Zu den Tools ich hab nur TurboV EVO drauf der Rest lahmt bei mir Windows.


----------



## oxoViperoxo (24. September 2010)

Danke schonmal für deine Antwort. USB und Sata Treiber werde ich dann auch mal mit installieren. Was ist denn der NEC und wofür ist der TurboV Evo? 
Ist für Bluetooth nicht diese kleine Karte da? Sprich man kann dies auch weg lassen!? (Habe das Board ja noch nicht)


----------



## Spiff (24. September 2010)

Danke jonnyB genau das wollte ich wissen. Bin jetzt auch stolzer Besitzer eine Rampage III Extreme Boards


----------



## JonnyB1989 (27. September 2010)

oxoViperoxo schrieb:


> Danke schonmal für deine Antwort. USB und Sata Treiber werde ich dann auch mal mit installieren. Was ist denn der NEC und wofür ist der TurboV Evo?
> Ist für Bluetooth nicht diese kleine Karte da? Sprich man kann dies auch weg lassen!? (Habe das Board ja noch nicht)
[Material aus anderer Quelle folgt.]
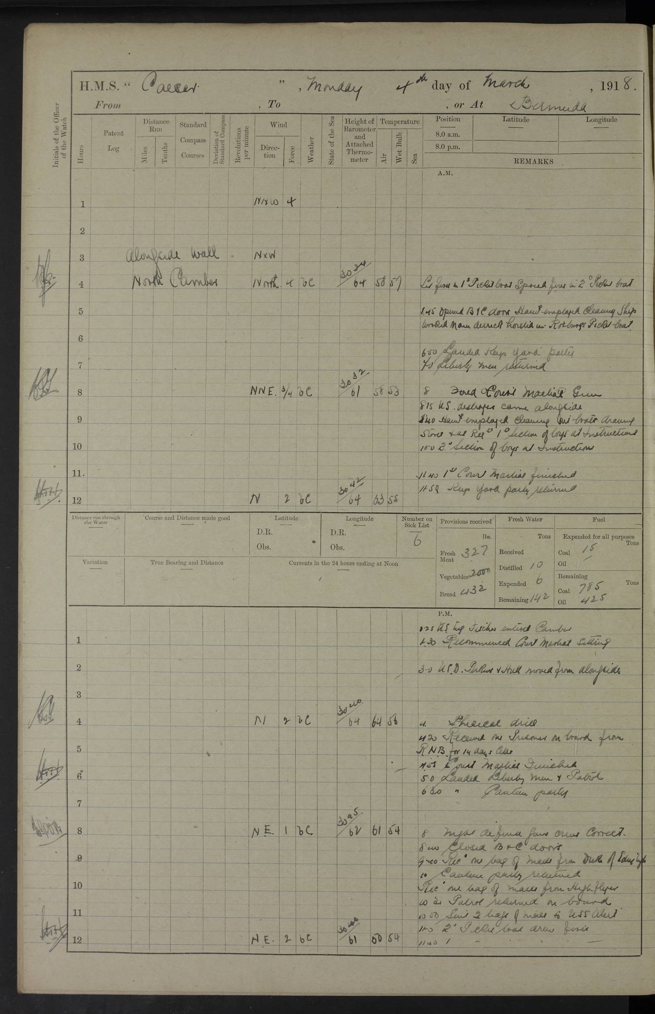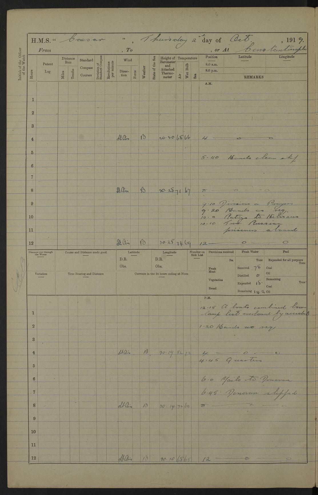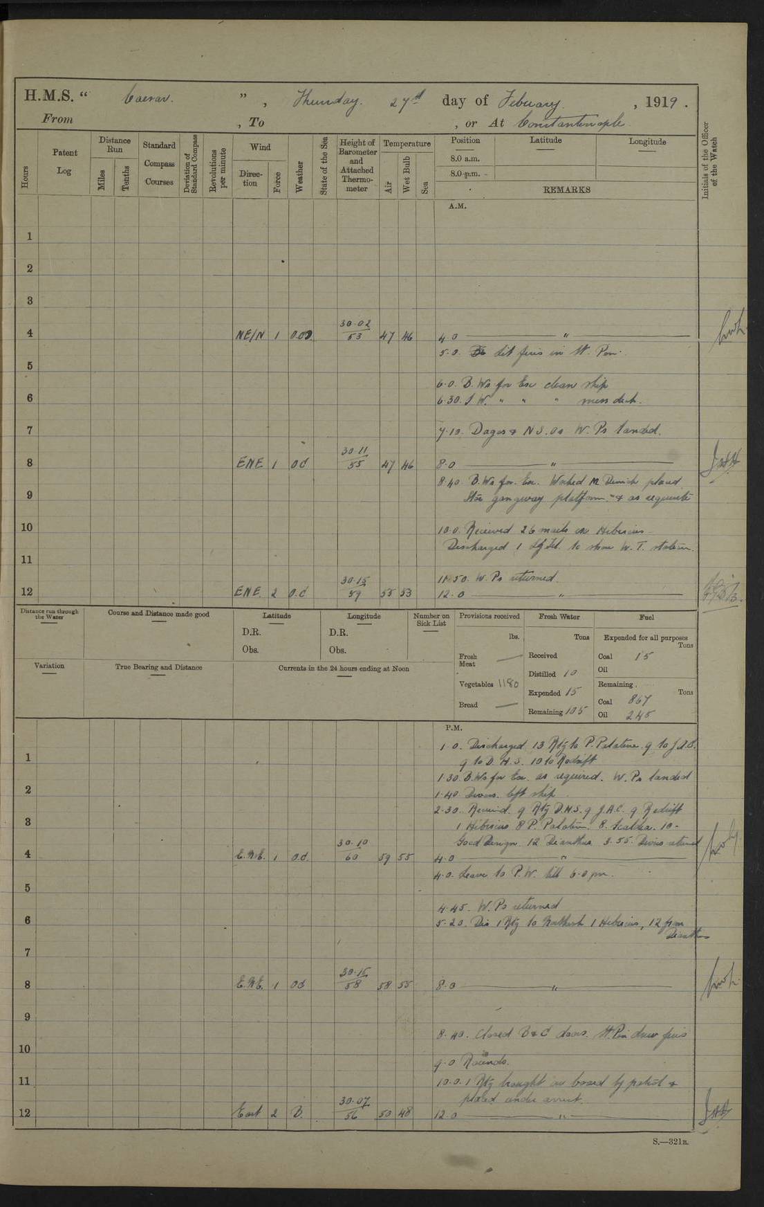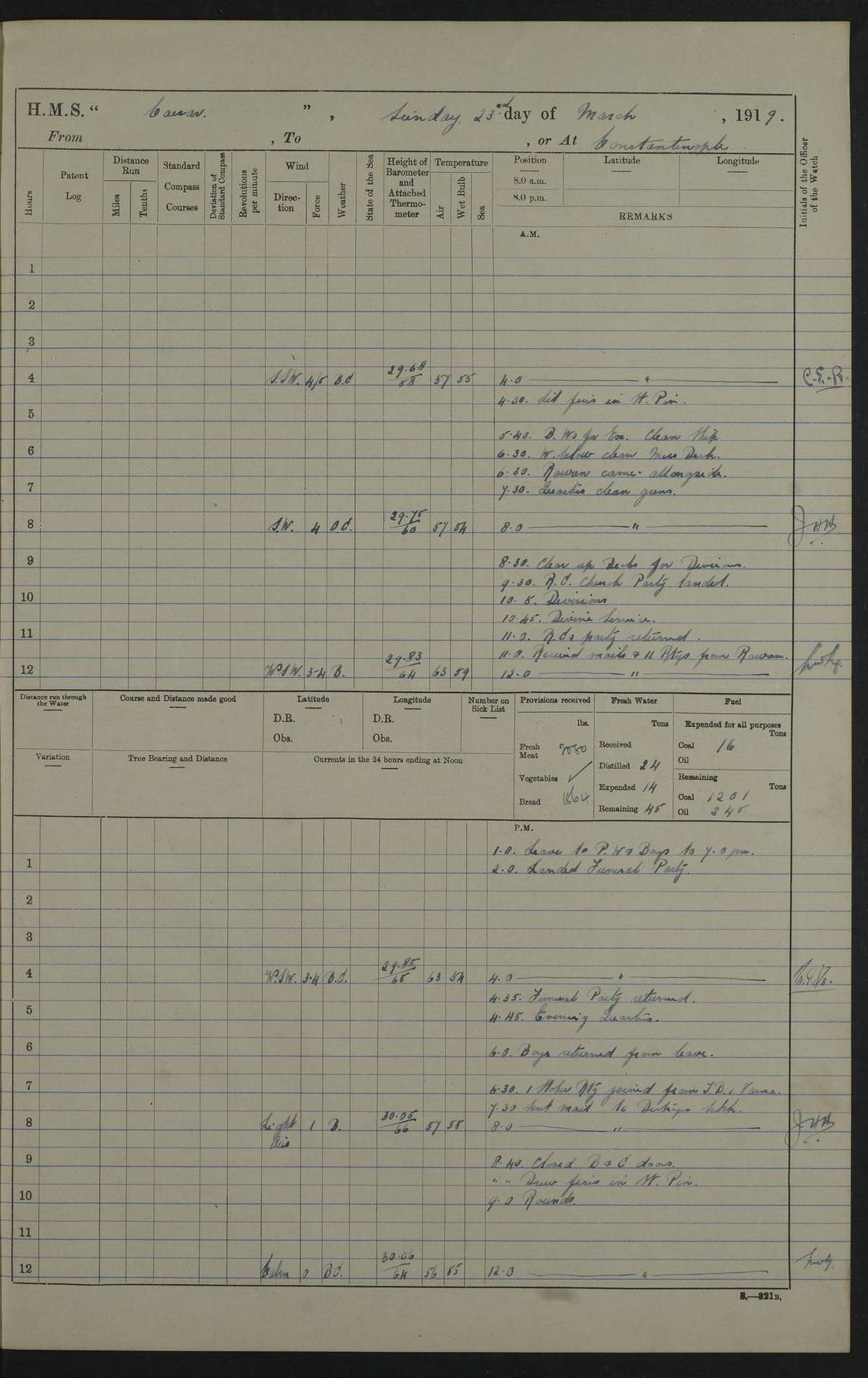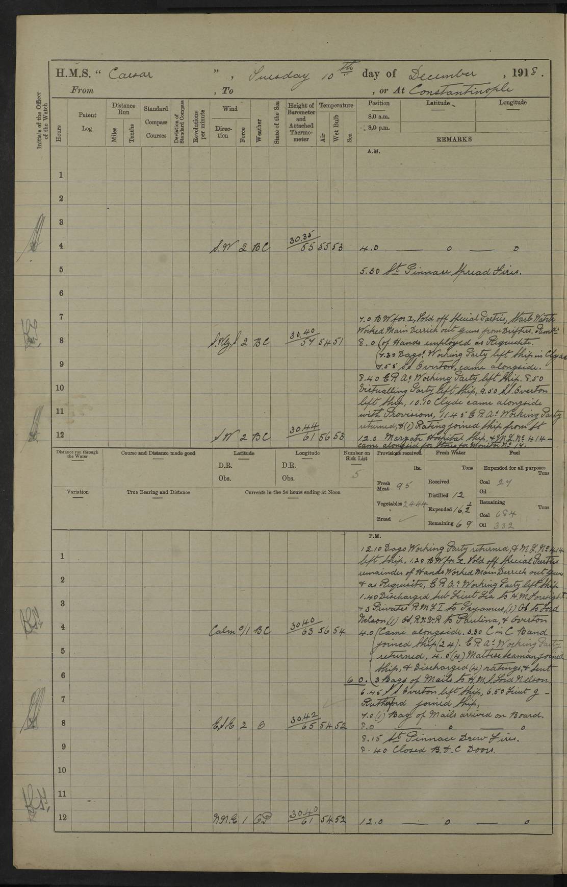 4edebb7b14d0450578000168: (https://s3.amazonaws.com:443/oldweather/ADM53-36589/0003_1.jpg) 1 November 1918 At Malta Lat 35.89, Long 14.52 [Somerset Wharf] 11.15am: Engineers Store Party returned on Board. 0.45pm: Paid Monthly Money. 1.0pm: Mr Goss, Gunner rejoined Ship from RN Hospital. 2.30pm: Gave Special leave to Port Watch untill 7.0am and Port Watch of Boys untill 6.0pm. Hands Made [sic] and Mend Clothes. 2.40pm: Landed liberty Men and Boys. 3.50pm: Provision Boat came alongside. 4.10pm: (4) Recovered Patients rejoined Ship from RN Hospital. 4.30pm: Landed liberty Men and Patrol. 6.0pm: Liberty Boys Returned on Board. 6.30pm: Canteen Party landed untill 10.0pm and Read Warrant No (24). 10.0pm: Canteen Party returned on Board. 11.50pm: Patrol returned on Board. [Provisions received: Fresh Meat 300 lbs, Vegetables 1000 lbs, Bread 450 lbs] 4edebb7c14d0450578000169: (https://s3.amazonaws.com:443/oldweather/ADM53-36589/0004_0.jpg) 2 November 1918 At Malta Lat 35.89, Long 14.52 [Hamilton Wharf] 7.15am: Shifted Berths from Somerset Wharf, to Hamilton Wharf. 8.0am: Tested life Buoys Correct. 8.45am: BW for x Told off Special Parties, Remainder of Hands employed as Requisite, and Landed Picket house Party. 9.10am: Held Court Martial on Board. 10.30am: Court Martial Finished. Noon: Picket House Party returned. 1.20pm: BW for x. Told off Special Parties. Remainder of Hands employed getting in Paymasters Stores and as Requisite. Lost overboard by accident Boat Hooks, Steel, Pattern (345), 2 in Number. 4.20pm: Hands to Fire Stations. 4.35pm: Read Warrant No 25 and gave Special leave to Starboard Watch untill 7.0am. 5.0pm: Landed liberty Men and Victualling Yard Lighter left Ship. 6.30pm: Canteen Party landed untill 10.0pm. [Provisions received: Fresh Meat 260 lbs, Bread 900 lbs] 4edebb7c14d045057800016a: (https://s3.amazonaws.com:443/oldweather/ADM53-36589/0004_1.jpg) 3 November 1918 At Malta Lat 35.89, Long 14.52 [Hamilton Wharf] 9.0am: Landed Church Parties, Wesleyans (14), Presbyterians (10). 9.30am: Divisions. 9.50am: Landed Roman Catholics (15). 10.10am: Discharged (5) Ratings to RN Hospital. 11.35am: All Church Parties returned on Board. 1.0pm: Gave Special leave to Port Watch untill 7.0am and Both Watches of Boys untill 5.30pm. 1.15pm: Landed liberty Men and Boys. 5.30pm: Liberty Boys returned on Board. 6.30pm: Canteen Party landed untill 10.0pm. 8.40pm: Closed B and C Doors. 10.0pm: Canteen Party returned on Board. [Number on sick list: 5] [Provisions received: Fresh Meat 280 lbs] 4edebb7c14d045057800016b: (https://s3.amazonaws.com:443/oldweather/ADM53-36589/0005_0.jpg) 4 November 1918 At Malta Lat 35.89, Long 14.52 [Hamilton Wharf] 6.50am: BW for x Told off Special Parties, remainder of Hands employed as Requisite. 7.0am: Liberty men returned on Board. 8.5am: Provision lighter came alongside. 8.10am: BW for x, Told off Special Parties, remainder of Hands employed Provisioning Ship and as requisite. 8.45am: Landed (1) Carpenter rating for Examination. 3.45pm: (2) Recovered Patients joined Ship from RN Hospital. 4.10pm: Received 8 Bags of Mails from Egmont, and Gave Special leave to Starboard Watch till 7.0am. 5.0pm: Landed Liberty Men and Patrol. 6.0pm: Hands employed getting in and stowing away Provisions. Midnight: Patrol returned on Board. [Weather fine, noon temperature 74F] 4edebb7c14d045057800016c: (https://s3.amazonaws.com:443/oldweather/ADM53-36589/0005_1.jpg) 5 November 1918 At Malta Lat 35.89, Long 14.52 [Hamilton Wharf] 6.45am: BW for x. Told off Special Parties. Remainder of Hands employed getting in and stowing away Provisions. 8.30am: Landed Hospital Party and Picket House Party. 11.0am: Landed (35) Rifles to Naval Ordinance for exchange. Noon: Picket House Party returned. 1.20pm: Landed (2) Ratings for Dental Treatment. 2.25pm: (35) Exchanged Rifles came on Board. 3.40pm: (2) Recovered Patients rejoined Ship from RN Hospital and disinfected Bedding. 4.0pm: Gave Special leave to Port Watch untill 7.0am. Starboard Watch employed stowing Provisions. 4.30pm: Landed Liberty men. Starboard Watch employed stowing away Provisions and Read Warrant No (26). [Provisions received: Fresh Meat 530 lbs, Bread 1000 lbs] 4edebb7c14d045057800016d: (https://s3.amazonaws.com:443/oldweather/ADM53-36589/0006_0.jpg) 6 November 1918 At Malta Lat 35.89, Long 14.52 [Hamilton Wharf] 6.50am: BW for x. Told off Special Parties, Remainder of Port Watch stowing Provisions, Starboard Watch drawing Quarter Deck Awning. 9.0am: Hands employed Provisioning Ship. 4.0pm: Gave Special leave to Starboard Watch untill 7.0am. 4.30pm: Landed liberty Men. Port Watch employed stowing away Provisions. 6.30pm: Canteen Party landed until 10.0pm. 10.0pm: Canteen Party returned on Board. [Number on sick list: 5] [Provisions received: Fresh Meat 250 lbs, Vegetables 1000 lbs, Bread 450 lbs] [Fuel Remaining: Coal 244 tons, Oil 332 tons] 4edebb7c14d045057800016e: (https://s3.amazonaws.com:443/oldweather/ADM53-36589/0006_1.jpg) 7 November 1918 At Malta Lat 35.89, Long 14.52 [No 4 Buoy] 6.30am: BW for x. Told off Special Parties. Remainder of Hands employed prepairing [preparing] Ship to Shift Berths, from Hamilton Wharf to No 4 Buoy. 7.0am: Liberty men returned on Board. 8.50am: Secured Ship to No 4 Buoy and Coal Lighters came alongside. 9.10am: Commenced Coaling Native labour. Hands employed Drawing Stores and as Requisite. 11.50am: Dockyard Parties returned. 1.40pm: BW for x Told off Special Parties, remainder of Hands employed as Requisite. 4.30pm: Gave Special leave to Port Watch untill 7.0am. 4.45pm: Landed liberty men and Patrol and Read Warrant No (27). 7.30pm: Completed Coaling (1481) Tons. 8.40pm: Watch employed sweeping down. 11.50pm: Patrol returned on Board. [Number on sick list: 6] [Provisions received: Fresh Meat 280 lbs, Bread 300 lbs] [Fuel Remaining: Coal 1716 tons, Oil 332 tons] 4edebb7c14d045057800016f: (https://s3.amazonaws.com:443/oldweather/ADM53-36589/0007_0.jpg) 8 November 1918 At Malta Lat 35.89, Long

Der Nec Treiber ist für den USB 3.0 Controler, ohne Treiber ist im Geräte Manager ein Gelbes Fragezeichen. 
TurboV EVO ist zum ändern der Spannungen und der BLK unter Windows.

Die Bluetooth Karte kann natürlich weggelassen werden, dann ist halt hinten eine Kleine Lücke an der I/O Blende. Der nachträgliche Einbau ist mechanisch bedingt mit nem Boardausbau verbunden.


----------



## oxoViperoxo (27. September 2010)

Danke für deine Antwort. Sollte ich den Intel(R) Gigabit Ethernet Driver auch installieren, oder ist das überflüssig?


----------



## Kaki008 (29. September 2010)

Hab nen Problem.. Also, wenn ich eine Netzwerkkarte einstecke dann bootet er nicht bleibt bei dem VGA lämple stehen.. Was kann ich tun? Oder ist das auch nen defekt? -.-


----------



## JonnyB1989 (2. Oktober 2010)

oxoViperoxo schrieb:


> Danke für deine Antwort. Sollte ich den Intel(R) Gigabit Ethernet Driver auch installieren, oder ist das überflüssig?
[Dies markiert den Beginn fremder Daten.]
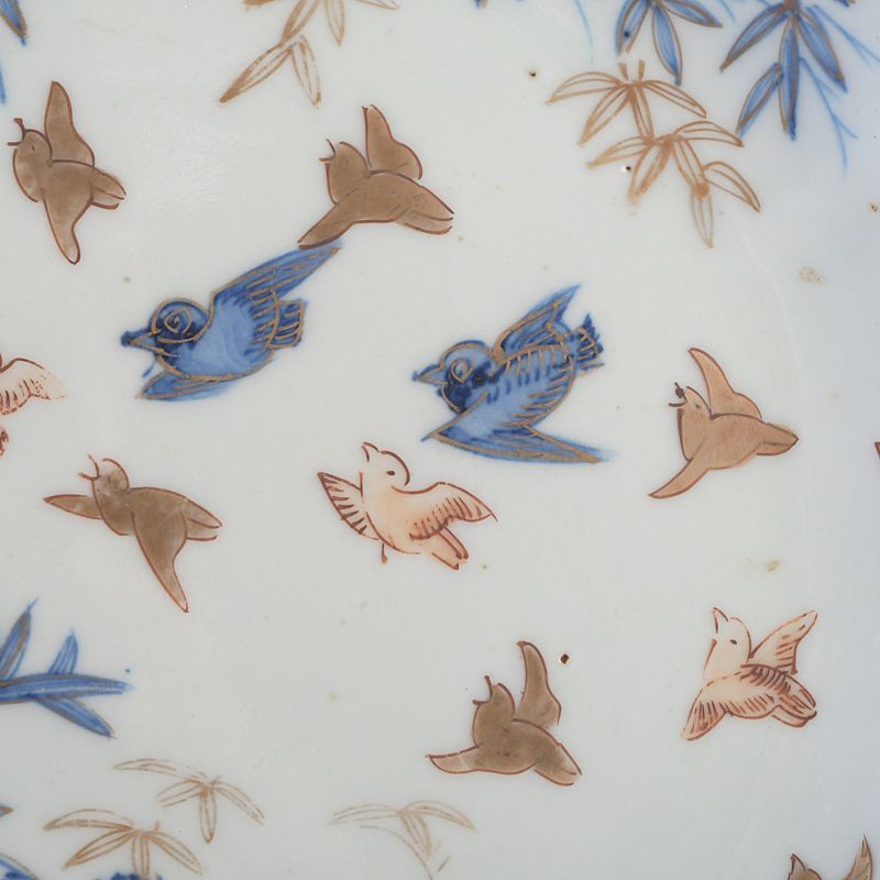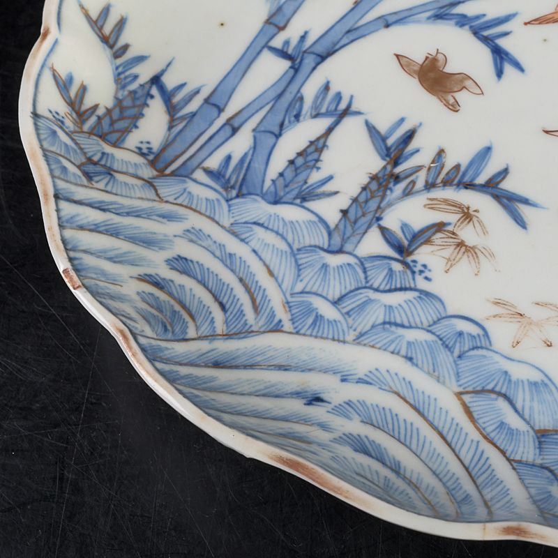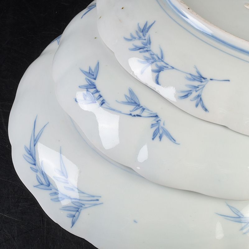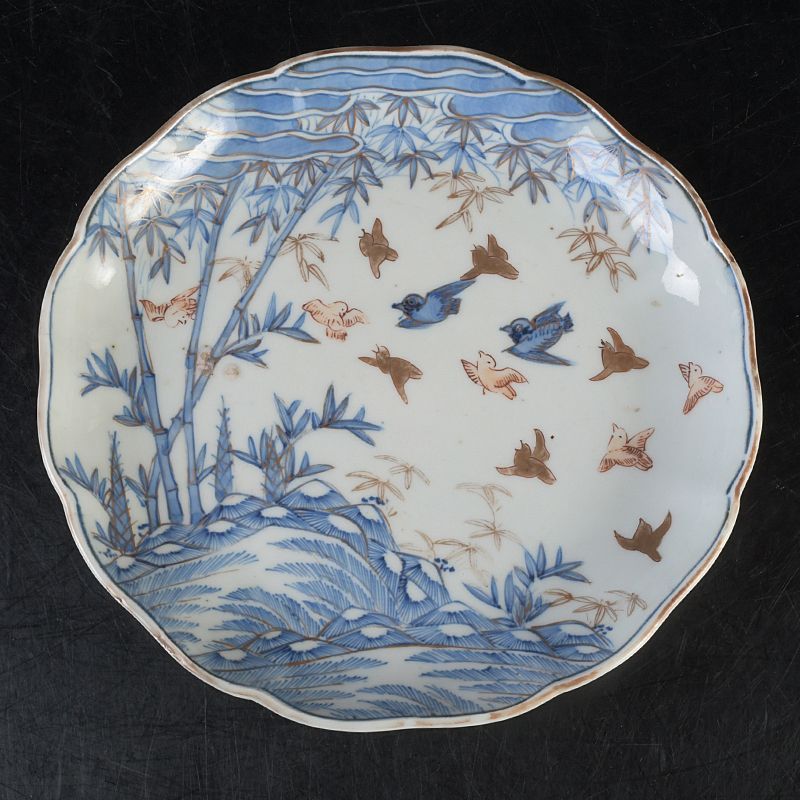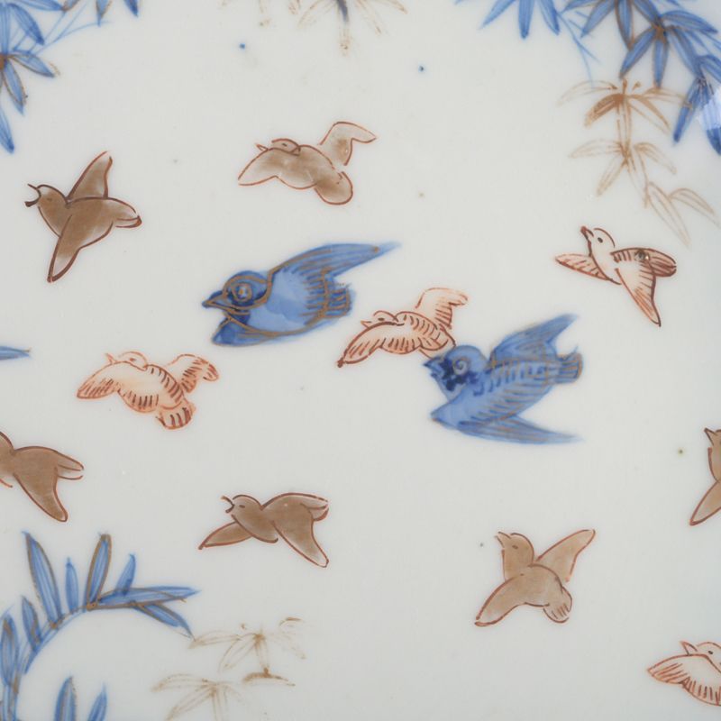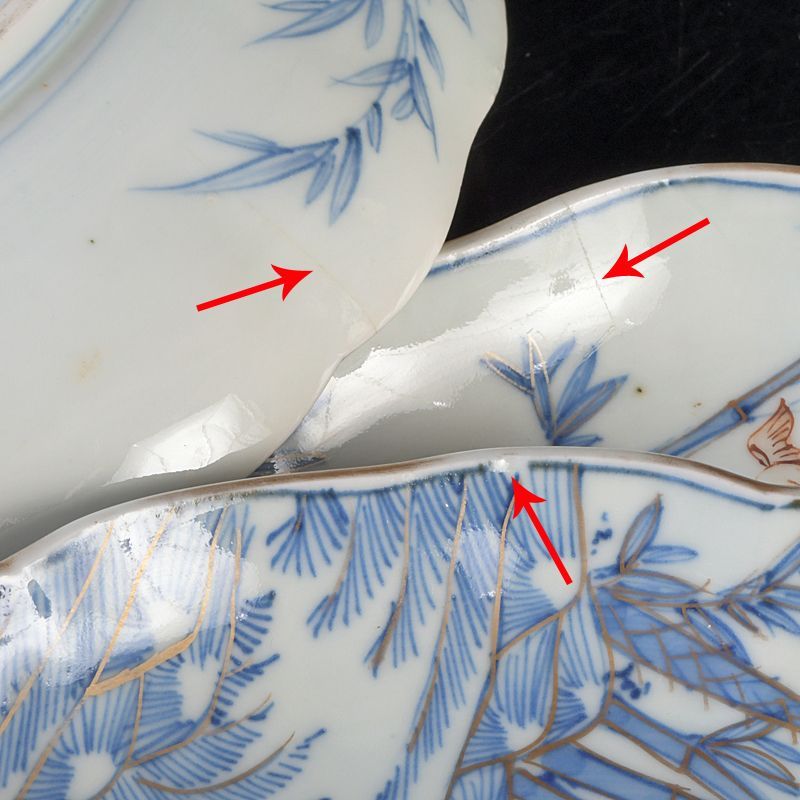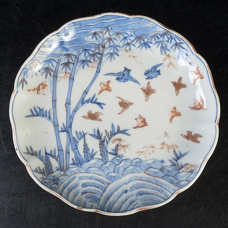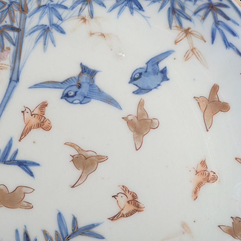 伊万里焼 染錦 竹鳥文 輪花皿 角福銘 三点 N S476

Wird normalerweise Automatisch mit dem Chipsatz Treiber installiert. 



Kaki008 schrieb:


> Hab nen Problem.. Also, wenn ich eine  Netzwerkkarte einstecke dann bootet er nicht bleibt bei dem VGA lämple  stehen.. Was kann ich tun? Oder ist das auch nen defekt? -.-



Wenn du nen zweiten PC hast kannst du mal schaun Was das Rog Conect für nen Fehler ausgibt. 
Hast du so nen Kleinen Speaker dran? Wenn ja was für beepCodes gibt er aus?
Lan Controller deaktiviert im Bios? Kann sein das es Kompatibilitätsprobleme gibt.


----------



## Kaki008 (2. Oktober 2010)

Oh vergessen zu editieren..
Es funktioniert jetzt..
Hab einfach nochmal die Karte ausgesteckt. 
Pc gestartet natürlich erfolgreich.
Pc aus. 
Netzteil weg.
Karte rein.
Pc bootet und erkennt alles..

Komisch, denn ich wollte meine GTX285 rein machen, die ich für 160 € ergattert habe von einem Freund einbauen neben meiner HD 5850 und der PC startete nicht. Blieb immer bei dem CPU oder VGA Lämple stehen..
Ohne die funktioniert es natürlich..


----------



## JonnyB1989 (3. Oktober 2010)

Ich hab auch schon mit ner defekten Graka gebootet, der Pc is bis ins Windows hoch gefahren, aber mit Bildausgabe war halt nix und das VGA Lämpchen hat geleuchtet.


----------



## Kaki008 (3. Oktober 2010)

Aber in einem anderen PC läuft die Graka.
Und auf der Karte ist ein Lämple das anzeigt ob die Graka defekt ist oder nicht..
Ich bekomme ja kein Bild!


----------



## Vasili8181 (3. Oktober 2010)

Kaki008 schrieb:


> Aber in einem anderen PC läuft die Graka.
> Und auf der Karte ist ein Lämple das anzeigt ob die Graka defekt ist oder nicht..
> Ich bekomme ja kein Bild!


 
Hatte auch das Problem mit GTX480 AMP und einem LG W2453TQ.
Jetzt mit Samsung B2430L nicht mehr.
Der Support von ASUS und Zotac sagten mir das die ID Daten vom Monitor nicht korrekt gelesen werden.
Alle varianten mit zweit PC getesten.Es lag am Monitor.


----------



## JonnyB1989 (3. Oktober 2010)

Kommt auf die Grafikkarte an Meine GTX 280 hat so ne LED, die GTX285 von meinem Verwandten hat se nicht, genauso wenig wie meine 8800 GTS G92 Welche leider das zeitliche gesegnet hat.
Die neue GTX480 FTW! hat keine LED. Also sehr unterschiedlich die ganze Sache.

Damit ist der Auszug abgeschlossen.